Speech, Signal, Symptom:
AI and the Labor of Technosolutionist Listening in American Mental Healthcare
How are technologies that travel under the sign of AI shaping the sensory practices, ethical sensibilities, and professional landscape of American mental healthcare? My current book project explores this question through an ethnographic investigation of efforts to use voice analysis technologies to augment how people are listened to and heard as mentally distressed in the United States.
Speech, Signal, Symptom (under contract, University of Chicago Press) shows how machine listening technologies retrench, rather than reorient, the American mental healthcare system’s dominant interpretive paradigms, further constricting the agency of patients, practitioners, and technologists across the full stack of the research and development pipeline. At the same time, it turns up the volume on the self-reflexive critiques and strategic maneuverings that people engaged in constructing these technologies—from data annotators to human research subjects—develop through their perspective as the ones most responsible for iteratively transducing speech into computationally tractable and clinically valuable signals.
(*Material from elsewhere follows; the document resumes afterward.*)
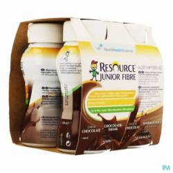 Resource® Junior Fibre goût chocolat : Eau, maltodextrine, huiles végétales (tournesol, colza), saccharose, protéines du lait, cacao maigre en poudre (1,4 %), fibres (fructo-oligosaccharides, inuline), sels minéraux (citrate de sodium, citrate de calcium, chlorure de potassium, citrate de potassium, citrate de magnésium, phosphate de sodium, oxyde de magnésium, sulfate de fer, sulfate de zinc, sulfate de manganèse, sulfate de cuivre, fluorure de sodium, iodure de potassium, sélénate de sodium, chlorure de chrome, molybdate de sodium), amidon, émulsifiant (E471), vitamines (C, E, niacine, acide pantothénique, thiamine, B6, A, riboflavine, D, K, acide folique, B12, biotine), épaississant (E407), acidifiant (E330). Sans gluten.

Research from this project was funded by the National Science Foundation, the Wenner-Gren Foundation, and the Society for Psychological Anthropology. It has been published in Science, Technology, & Human Values, the edited volume Technocreep and the Politics of Things Not Seen, and will appear in a forthcoming special issue on AI and linguistic anthropology in The Journal of the Royal Anthropological Institute and a 2026 issue of Current Anthropology. You can also read about this work in Somatosphere and the AI Now Institute’s A New Lexicon of AI series.
Sounds Suspect: The Paranoid Past and Present of Computerized Voice Stress Analysis
Combining archival and ethnographic research, my second project examines the history and present-day use of voice-based lie detection in intelligence gathering and interrogation use-cases. I presented preliminary findings of this project at the 2021 SIGCIS conference and the 2021 Society for the Social Studies of Science Annual Meeting.
Public Scholarship
To read more of my thoughts on anthropological collaborations with tech workers, check out my interview of visual artist and computer scientist Jonathan Zong. The interview was part of an online series about digital psychiatry that I co-edited with Dörte Bemme and Natassia Brenman. To close the series, directed by River Ujhadbor and Dörte Bemme, we co-produced a podcast episode on digital exclusions and digital mental health care.
I served as a subject matter expert for an Access Now report, written by Xiaowei Wang and Shazeda Ahmed on the risks of emerging biometric technologies.
In 2020, with over 20 other academic and technology workers and the Coalition for Critical Technology, I co-wrote and facilitated an open letter condemning the development of computational, physiognomic models for “predicting criminality.” If you would like to use the letter for teaching purposes, you may download this accessible PDF. I was a participant of a 2019 Alex Trebek Forum for Dialogue on Artificial Intelligence and Mental Health Care at the University of Ottawa and co-organized “#AICantFixThis: MIT, Imperialism, and the Future of AI,” a teach-in at MIT.